考え込んでいるうちに、時間は過ぎていたらしく、晴明は背後に気配を感じた。知らない学生が、プリントを持って立っていたのだ。
植田が「どうした?」と声をかける。その学生は萎縮したように「今日の授業で分からなかったところがあるんですけど、今いいですか……?」と答えていた。
遠慮がちな口調に、ここは自分たちが身を引くべきだろうと感じて、晴明は椅子から立つ。桜子も続いていた。
「すいません。僕たちこれで失礼します。
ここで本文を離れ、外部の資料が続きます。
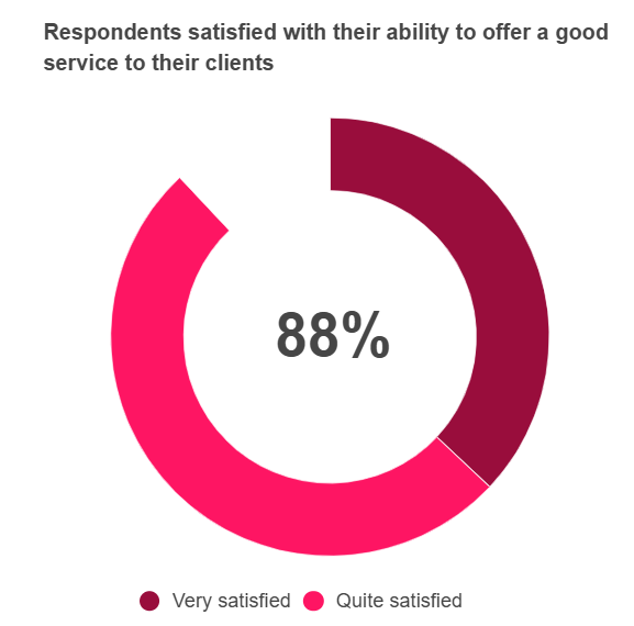 Most of the lawyers included in our survey felt as if their law firms enabled them to provide a good service to their clients – 88% said they were quite or very satisfied.

あの、椅子はどちらに片付ければいいでしょうか」
「会議室のドアの側に置いてくれればいい」
そう植田が言った通りに、二人は椅子を置きに行く。手ぶらになると、自分たちがひどく場違いに、晴明には思われた。ほとんど衝動的に、ドアに向かって歩き出す。
職員室を後にすると、騒がしかった室内とは一転、ほとんど学生が歩いていない廊下は、奇妙な静けさに満ちていた。
二人はあれから職員室に戻って、五十鈴にも相談したが、これといった解決策は出てこなかった。帰っている途中にも二人はどうしようかと話したが、平行線のまま駅に辿り着いてしまう。
到着していた電車に乗り込む。冷房が効いた電車は、この日も労せず座ることができた。
「さて、明日どうしよっかねぇ」
手で顔を扇ぎながら、桜子が呟いた。なんとなく口をついた言葉にも、晴明は考えこんでしまう。
動き出す電車。シンキングタイムは二分もない。
「朝、芽吹先輩のとこを尋ねるにしても、今日と同じことしか言えないからなぁ。また拒否られるかも」
「でもさ、サクが頼んだことによって、芽吹先輩が心変わりする可能性だって、あるかもしれないじゃんか」
晴明の励ましに、桜子ははにかむことで答えていた。窓の外では街並みが揺らめいている。
「そうだね。昨日の今日で悪いんだけど、明日はハルも来てくれる? 一回二人でっていうのを試してみたいから」
晴明は首を縦に振った。勉強は何とかするしかない。車内に、間もなく千葉駅に到着するという、アナウンスが流れる。立っていたサラリーマンが、ドアの近くへ移動していた。
だが、桜子はそんな状態でもスマートフォンを手に取って、電源を入れている。起動したアプリはツイッター。こんなわずかな時間にまで、やることはないと晴明は思うが、それが桜子という人間なのだから仕方がない。
「あっ、通知一件来てる」との声。晴明も一瞬画面を見るが、すぐに視線を元に戻す。
電車が駅に差しかかろうというとき、晴明の頭に電流が走った。
「それだ!!」
急に声をかけられた桜子はキョトンとした表情をしていた。思っていたより声が大きかったのか、いくつかの視線が晴明たちに向く。それでもドアが開くと、すぐに顧みられなくなった。
慌ただしく動く人たちの中で、二人だけが固まっている。
「ちょっと、ハルどうしたの?」
「ごめん、大きな声出して。説明は降りてからするから」
それだけ言って、二人は電車から降りる。
少しずつ暗くなっていく空。電灯がこんなにもまばゆい光を放っていたのかと、晴明は改めて感じていた。